Do you realize how massive of a budget SWTOR has? You can't just compare it to any other MMO. It has to be successful for itself, not in comparison to their competitors subscription numbers. TOR was an expensive game, it can't lose 75% of it's subscription base. It doesn't matter that it would be the 3rd or 4th most popular MMO in the USA, it has to be profitable. Right now it's doing ok, but there are tons of MMOs coming out this year. I don't believe that it has created a reputation that will survive the 2012 MMO apocalypse.
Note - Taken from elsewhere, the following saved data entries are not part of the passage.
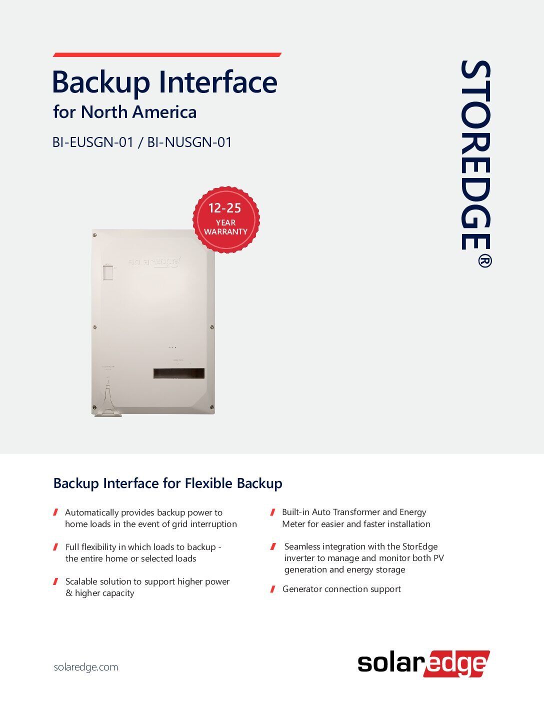 (1) SolarEdge BI-NUSGN-03 Backup Interface
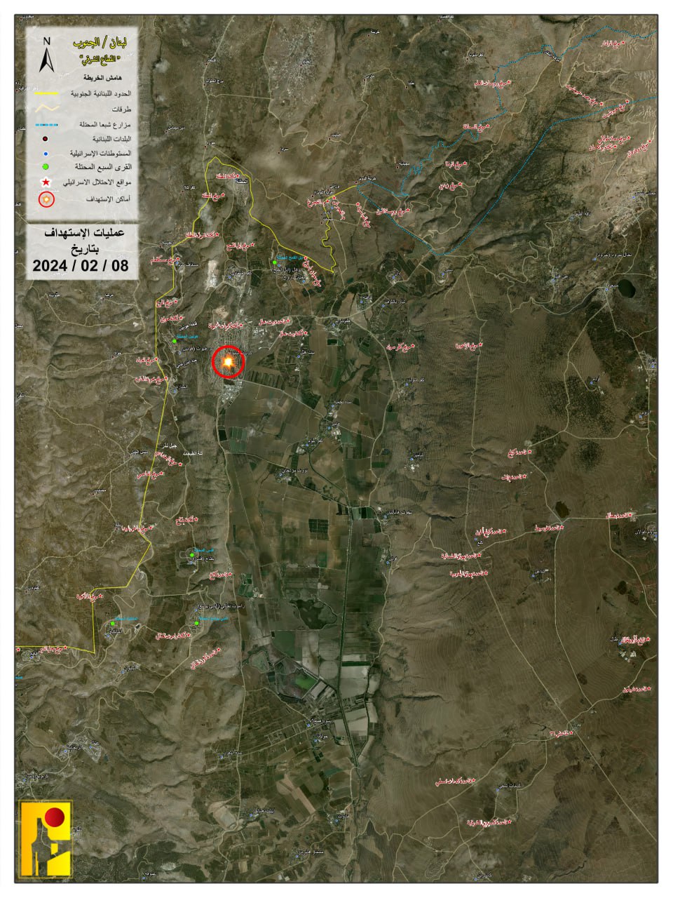 دعمًا لشعبنا الفلسطيني الصامد في قطاع غزة وإسنادًا لمقاومته الباسلة والشريفة، استهدف سلاح المدفعية في المقاومة الإسلامية عند الساعة 01:40 من بعد ظهر يوم الخميس 08-02-2024 موقع الرادار في مزارع شبعا اللبنانية المحتلة وتم تحقيق إصابات مباشرة.
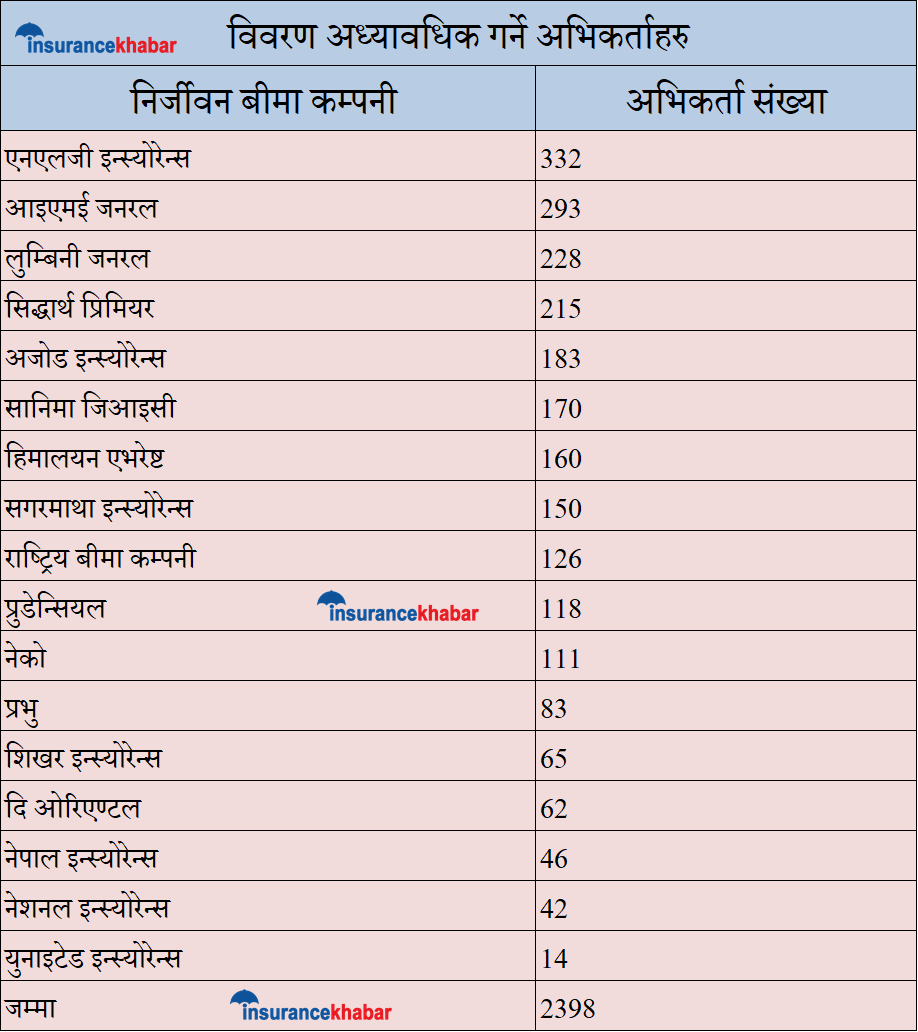 निर्जीवन बीमा कम्पनीहरु तर्फ पनि २ हजार ३९८ जना अभिकर्ताको विवरण अध्यावधिक भएको छ । निर्जीवन तर्फ सबैभन्दा ठुलो अभिकर्ताको सञ्जाल एनएलजी इन्स्योरेन्स कम्पनीको रहेको छ । कम्पनीले ३३२ जना को विवरण अध्यावधिक गराएको छ । त्यस्तै दोस्रो धेरै आइएमई जनरलले २९३ जना, तेस्रो धेरै लुम्बिनी जनरलले २२८ जना, चौधो धेरै सिद्धार्थ प्रिमियरले २१५ जनाको विवरण अध्यावधिक गराएको छ । अन्य कम्पनीहरु क्रमश अजोड इन्स्योरेन्स १८३, सानिमा जिआइसी १७०, हिमालयन एभरेष्ट १६०, सगरमाथा इन्स्योरेन्स १५०, राष्ट्रिय बीमा कम्पनी १२६, प्रुडेन्सियल ११८, नेको १११, प्रभु ८३, शिखर इन्स्योरेन्स ६५, दि ओरिएण्टल ६२, नेपाल इन्स्योरेन्स ४६, नेशनल इन्स्योरेन्स ४२ र युनाइटेड इन्स्योरेन्सले १४ जनाको विवरण अध्यावधिक गराएको छ ।

edit: it's not doing great, it's borderline ok.

Quote:
90% of the people who bought the game left before the free trial was over :/


2 years later?

Edited, Feb 14th 2012 2:26pm by BlynkTheSneak



The budget for Swotor was 150 million dollars :/ And they only need 500K active players to recuperate their investment on the long run, as stated by bioware, their box sales net them 120 million alone :/ and they have retained 1.7 million subscribers, at $14.99 that's an income of about 25.4 million dollars a month, so yeah right of the bat, Swotor is paid for almost fully, just from their initial sales and one month of subscription, do yes, right after the first month, they can actually lose 75% of their subscribers they would still have 425K wish would net them about 6.3 million a month, so yeah they can lose 75% and still turn a profit at this point in time.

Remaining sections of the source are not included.